DATA EXCERPT below:

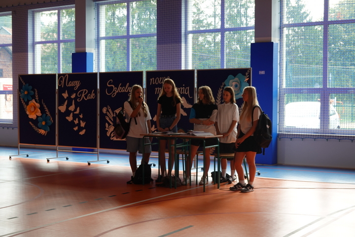 Po zakończonym nabożeństwie wszyscy udali się do szkoły, gdzie po raz pierwszy na nowej hali gimnastycznej odbyła się krótka akademia przygotowana przez uczennice z klasy VIII pod kierunkiem pani Wioletty Bogusz i pani Renaty Chmielowskiej.
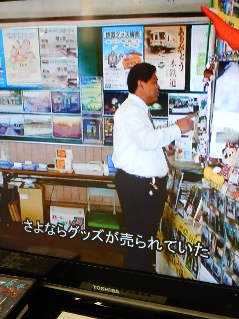 テロップは「さよならグッズが売られていた」
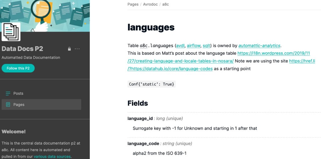 - This is cool! But what about this other data source we use? – In Automattic we consume data from multiple sources. Some datasets are defined in a standardized way (like the table schemas in our Hadoop cluster), but others are less conventional and not available for implementation.
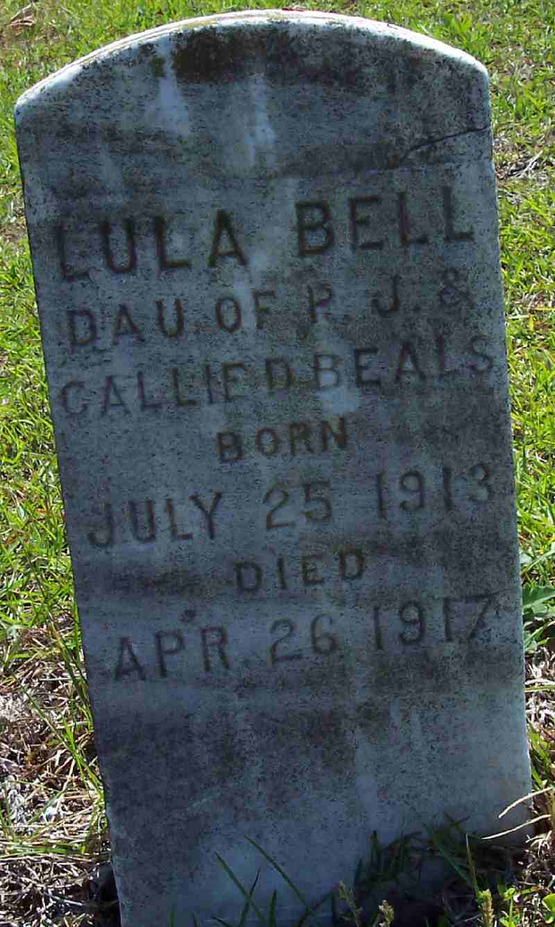 | Beals, Lula Bell | July 25, 1913 | Apr. 26, 1917 | Dau of P.J. & Callie D. Beals |

End of DATA EXCERPT.

# TRY IT:
Output the line containing "- This is cool!" and each line after it, through the end of the material, exactly as given. No pictures belong in the output.

# EXERCISE RESPONSE:
 - This is cool! But what about this other data source we use? – In Automattic we consume data from multiple sources. Some datasets are defined in a standardized way (like the table schemas in our Hadoop cluster), but others are less conventional and not available for implementation.
 | Beals, Lula Bell | July 25, 1913 | Apr. 26, 1917 | Dau of P.J. & Callie D. Beals |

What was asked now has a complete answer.